Work instructions: As soon as the line containing "日本糖尿病協会マスコット マルくん" appears, start repeating lines exactly and continue to the end of the entries; please skip pictures.

Records for the task:
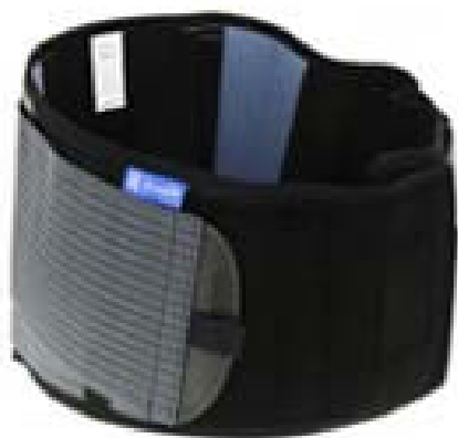
Ceinture de soutien rachis-lombaire
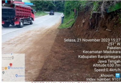
PEKERJAAN GALIAN TANAH RUAS BANJARNEGARA - WANAYASA KM. 61+080 SELASA, 21 NOVEMBER 2023
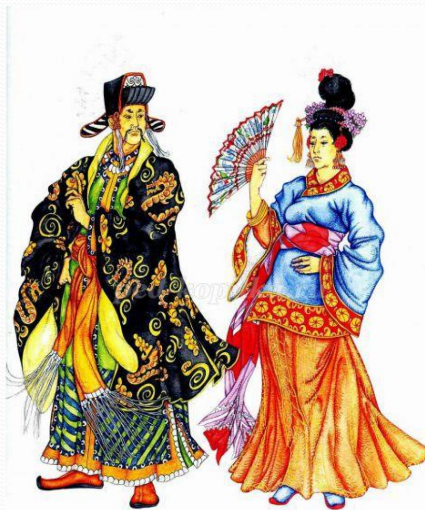
Нижний хаит с разрезами и верхний с вышивкой, покс с бахромой
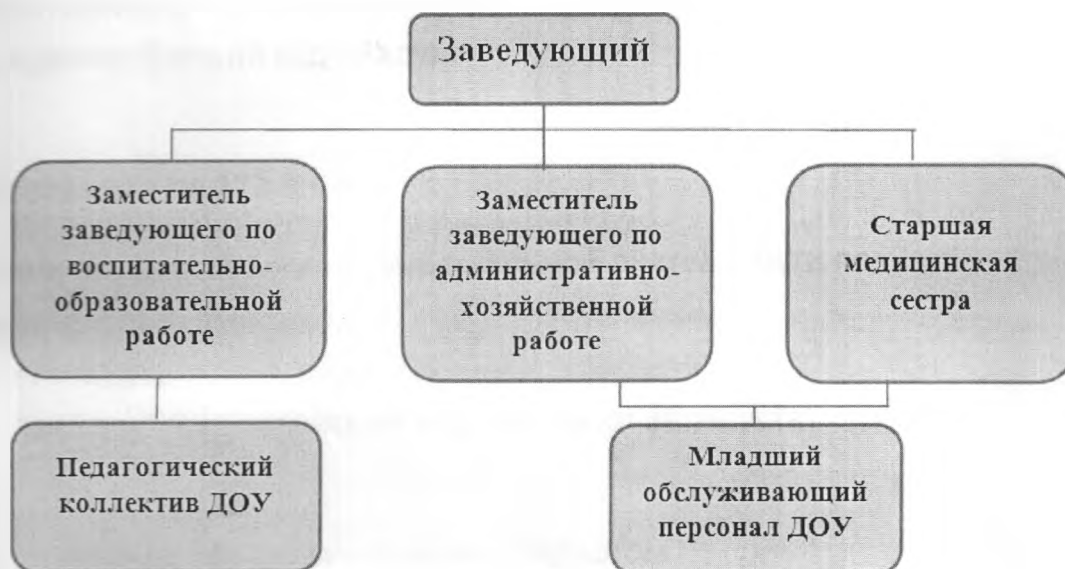
Схема 2. Административное управление ДОУ

- открывает лицевой счет (счет) в установленном порядке, в соответствии с законодательством Российской Федерации.
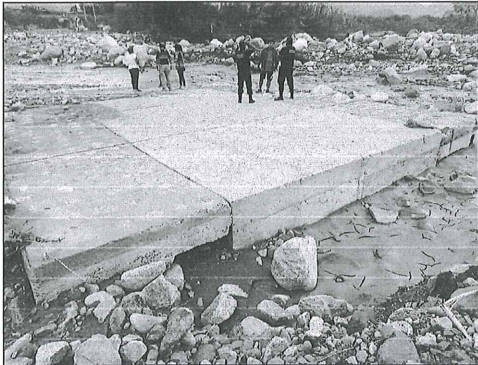
Foto N° 01: Vía vecinal Huambacho - Zona: Caserío Huambacho - Día: 08/04/2023.

El día 06 de abril del 2023, las intensas lluvias provocaron nuevamente el desborde del Río Loco en el Sector Huarcos, lo que produjo la activación de la Quebrada Mishti, la cual atraviesa a la vía vecinal Moro – Huambacho en el sector del mismo nombre. El cauce del desborde del río llega al sector Huambacho, encauzándose por la carretera, socavando el terreno natural, y arrastrando piedras grandes, bloqueando por completo el acceso en dicho sector.
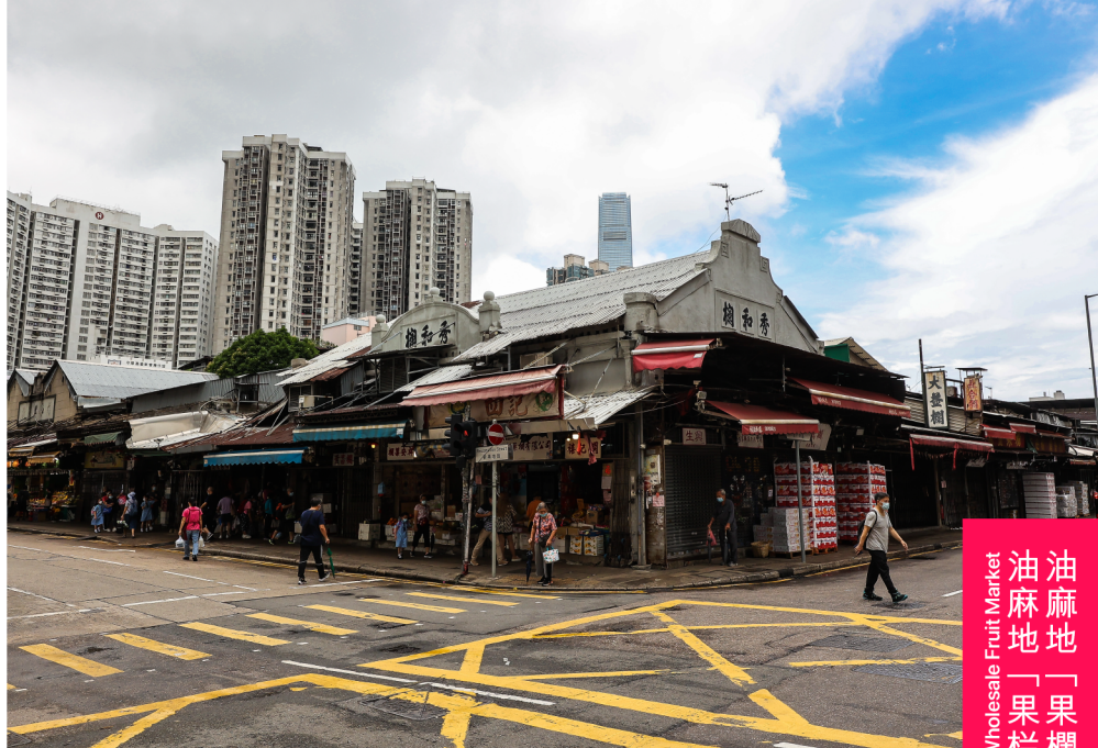
油麻地「果欄」 Yau Ma Tei Wholesale Fruit Market
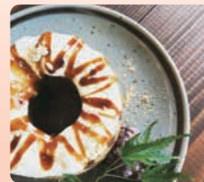
◀米粉シフォンケーキ 600円(税抜) 畑のランチ 1,200円(税抜)▶
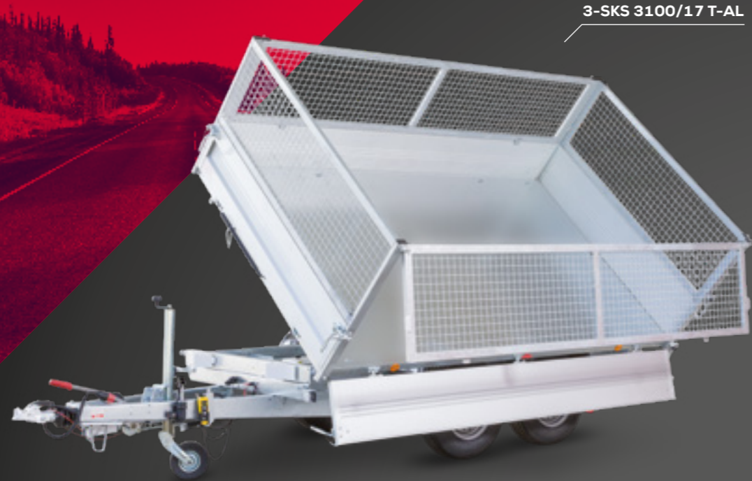
3-SKS 3100/17 T-AL
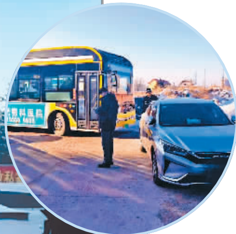
路边停满车辆,道路狭窄,公交车转弯被卡。
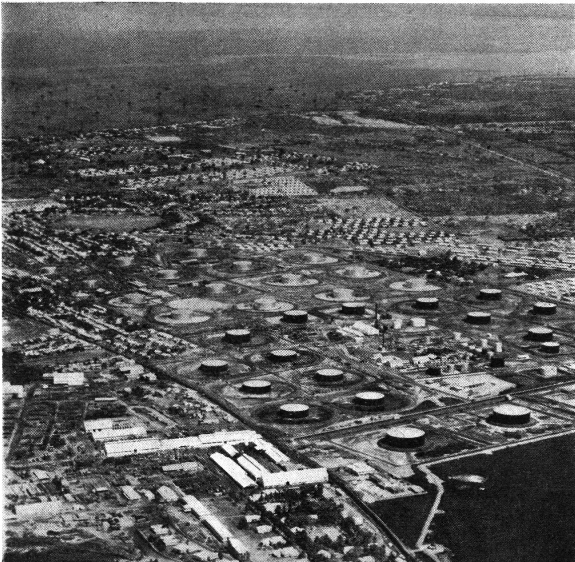
Abbildung 15. Teilansicht eines Ölfeldes

Umgekehrt wird, wenn die Versuchsbohrungen mit Erfolg gekrönt sind, in Gegenden, die früher nicht oder kaum bewohnt waren, eine derartige Tätigkeit einsetzen, daß man Mühe hat, schon nach kurzer Zeit die frühere Wildnis wieder zu erkennen. Der Urwald wird gerodet, Sümpfe werden entwässert, und über alles zieht sich ein dichtes Straßennetz, das jeden Punkt im Felde mit Lastwagen und Auto zugänglich macht. Die Wohnkolonien des Personals und der Arbeiter sind gewachsen und werden vielleicht schon einige hundert Häuser zählen und trotzdem wird eine chronische Wohnungsnot vorherrschen, die allen in Entwicklung sich befindenden Ölfeldern eigen ist. Denn nachdem die erste Pionierarbeit getan ist, werden auch Familien mit Kindern ins Feld einziehen, Schulen,
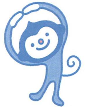
日本糖尿病協会マスコット マルくん
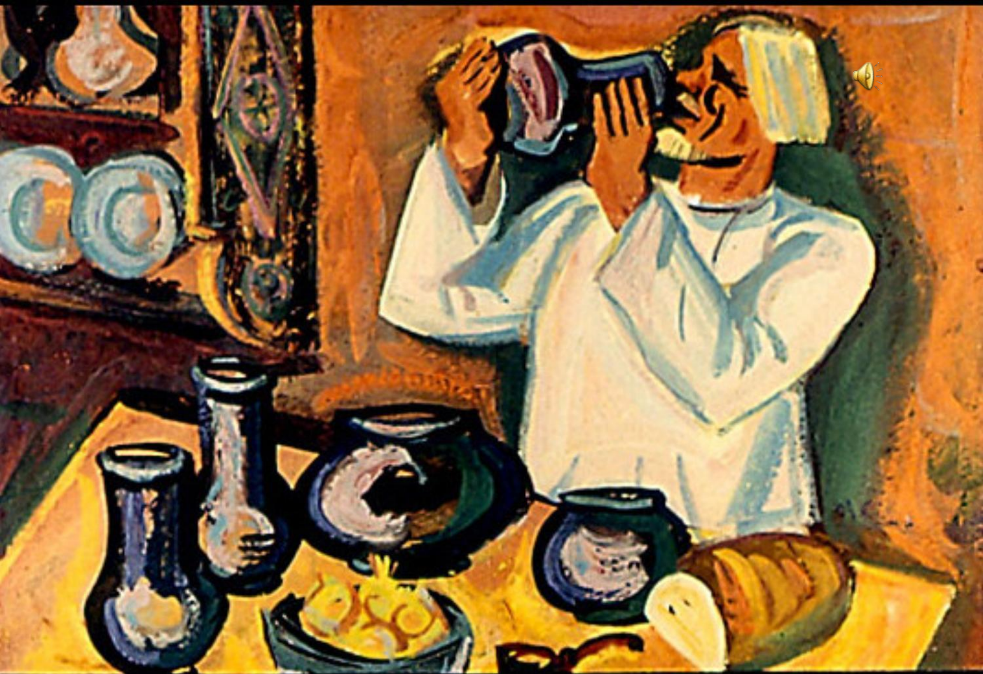
Ест за четверых,
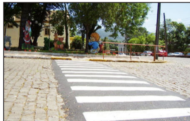
Faixa de segurança na Rua Pastor Hasenack defronte à praça
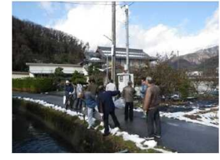
平成23年12月まちあるき
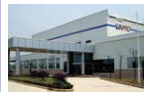
Wuhan Auto Parts Alliance Co.,Ltd. (WAPAC) 中国・湖北省 (設立：2005.3) 車体部品製造
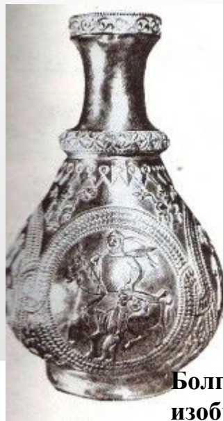
Болгарская ваза с изображением хана Кубрата
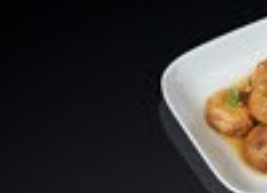
60 Kinoko champignons
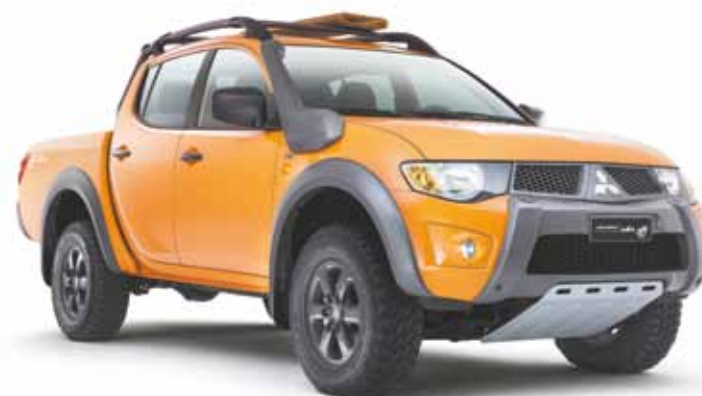
Aventura - L200 Triton Savana Off traz cor exclusiva Orange Sunshine

Tel.: 4966-2222 - ID: 55*117*27705/55*117*27703

Result:
日本糖尿病協会マスコット マルくん
Ест за четверых,
Faixa de segurança na Rua Pastor Hasenack defronte à praça
平成23年12月まちあるき
Wuhan Auto Parts Alliance Co.,Ltd. (WAPAC) 中国・湖北省 (設立：2005.3) 車体部品製造
Болгарская ваза с изображением хана Кубрата
60 Kinoko champignons
Aventura - L200 Triton Savana Off traz cor exclusiva Orange Sunshine

Tel.: 4966-2222 - ID: 55*117*27705/55*117*27703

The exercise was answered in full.